Persino la sua vista ora vacillava, era intontita dal dolore. Ma passò. Perché passava sempre, dopo averla strapazzata un po’. <<Stai bene?>> chiese Raul preoccupato, con la forchetta sospesa a mezz’aria. Alice annuì e rise. <<Mal di testa, come sempre.>> <<Davvero?>> s’informò lui interessato. Alice sospirò. <<Mi ricorda che presto tornerò a casa.>> Era sicura di quanto detto, ma probabilmente come risposta doveva apparire insensata. In fin dei conti a casa sua, in città, non aveva solo problemi. D’improvviso, l’umore di Raul, sempre ottimo e sereno, sembrò subire un brusco e improvviso cambiamento. Il ragazzo si ammutolì, sembrava particolarmente attratto dal piatto, che osservava a occhi bassi. Alice non lo aveva mai visto in quel modo; non che lo conoscesse da molto, chiaro. Ma quel suo cedere alla tristezza era testimonianza che, sotto quella perfezione, era umano. Alice lo osservò silenziosa, spiazzata da quell’improvvisa tristezza. Era così carismatico che adesso, in mancanza del suo sorriso, Alice si sentiva strana. <<C’è... qualcosa che non va...?>> domandò titubante, guardando attentamente i suoi occhi. Erano abbassati e fissavano il tavolo, come se le fantasie di frutta della tovaglia fossero estremamente interessanti. Raul sollevò il capo quasi trasalendo, e le sorrise appena. <<No… niente...>> rispose sfuggente. <<Non ti piace la frittata?>> tentò ancora, colpita. Non voleva che lui se ne andasse via. Non ora. Alice rimase spiazzata da quei suoi stessi pensieri. Lo conosceva così poco, cosa gliene importava se restava o se andava? <<No... è ottima... >> Raul tacque. Forse un brutto pensiero lo trafiggeva come una lama, magari uno di quei ricordi che avevano dato vita alle poesie più tristi. Un fulmine fuori dalla finestra piegò il cielo, il tuono che lo seguì fece vibrare le finestre, potente e rombante come un ruggito. Persino le luci vacillarono e si spensero per una manciata di secondi, per poi tornare tenui sulle loro teste.

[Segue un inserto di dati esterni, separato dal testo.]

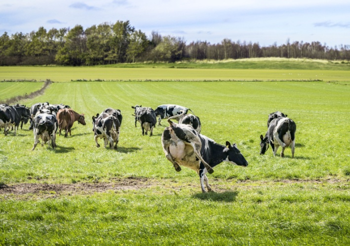 De koeiendans oogt vrolijk, maar zegt niet per se dat koeien dagelijks goed welzijn ervaren. Volgens de Vakbond voor Dieren is het eerder een reactie op maandenlange beperking in de stal dan een echt feest.
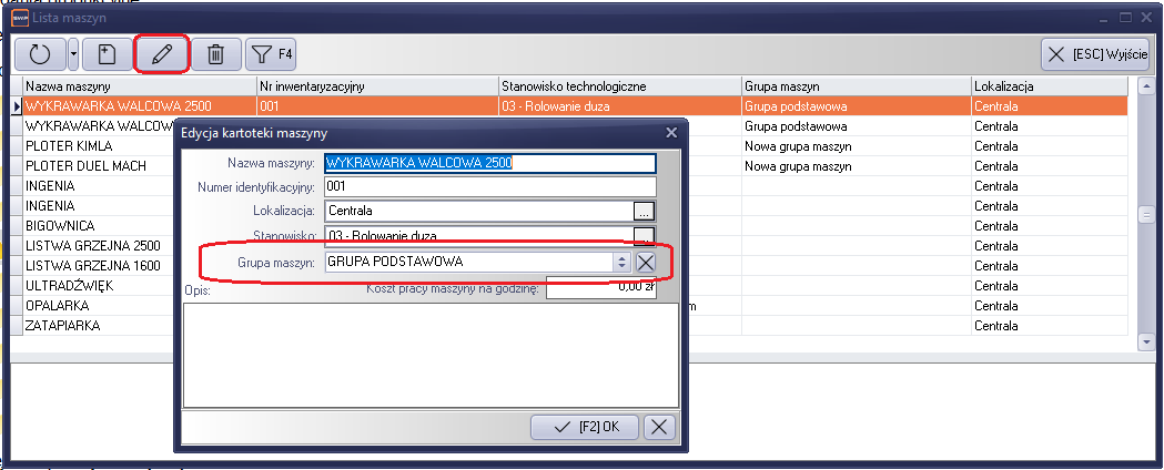 Maszynę przypisujemy do grupy z poziomu okna obsługi maszyny. Poniżej przedstawiony jest rysunek, w jaki sposób wykonujemy przypisanie maszyny do grupy maszyn.

Scoppiò a piovere. Alice sorrise e si alzò per guardare fuori dalla finestra. La pioggia a Brunello era anche lei bella. Sembrava di un altro colore o semplicemente meno odiabile e umida. Era come calda. <<Ti piace la pioggia?>> domandò Raul, evidentemente ancora un po’ abbattuto, ma con il solito sorriso allegro. <<La adoro. Ma solo quella di Brunello, quella della città è solo umidità e viscidume. Questa mi fa pensare alle rinascite. Mi fa pensare alla vita. Ci pensi mai? Un fiore che sboccia timidamente dopo un acquazzone, i suoi petali e le foglie grondanti, goccioline che si rifugiano timide. E’ idilliaco.>> <<Quello che dici è poesia.>> rispose lui. Alice si voltò per ribattere, ma a sorpresa se lo ritrovò alle spalle, molto vicino. <<E’ Brunello che è poesia. Io mi limito a leggerla.>> rispose, sfuggendo al suo sguardo. Ma era impossibile. <<Hai mai fatto una pazzia, Ali?>> Gli occhi di Raul erano calamite, la voce suadente e profonda. Alice si sentiva in pericolo con lui, perché ogni sua idea sembrava sensata. <<Io non faccio mai... pazzie.>> Raul allungò una mano e prese la sua, mentre un sorriso gli andava da un orecchio all’altro. <<Togliti le scarpe.>> ordinò a quel punto. Alice strabuzzò gli occhi allibita e lui rafforzò il sorriso con entusiasmo. <<Avanti, Alice! Seguimi!>> Raul si abbassò sulle ginocchia e si liberò senza fatica di calzini e scarpe, e Alice scoppiò a ridere, imitandolo come se non avesse altra scelta. Raul la prese per mano, e schizzò come un razzo fuori dalla casa, trascinandosela dietro. L’acqua le inzuppò i vestiti, giocava tra i suoi ricci come in uno scivolo per poi ricadere tra le pozzanghere con piccoli “splash!”. La sensazione dell’erba bagnata sotto i piedi nudi fu unica: una freschezza immediata, un piacevole solletico, brividi che risalivano lungo le braccia.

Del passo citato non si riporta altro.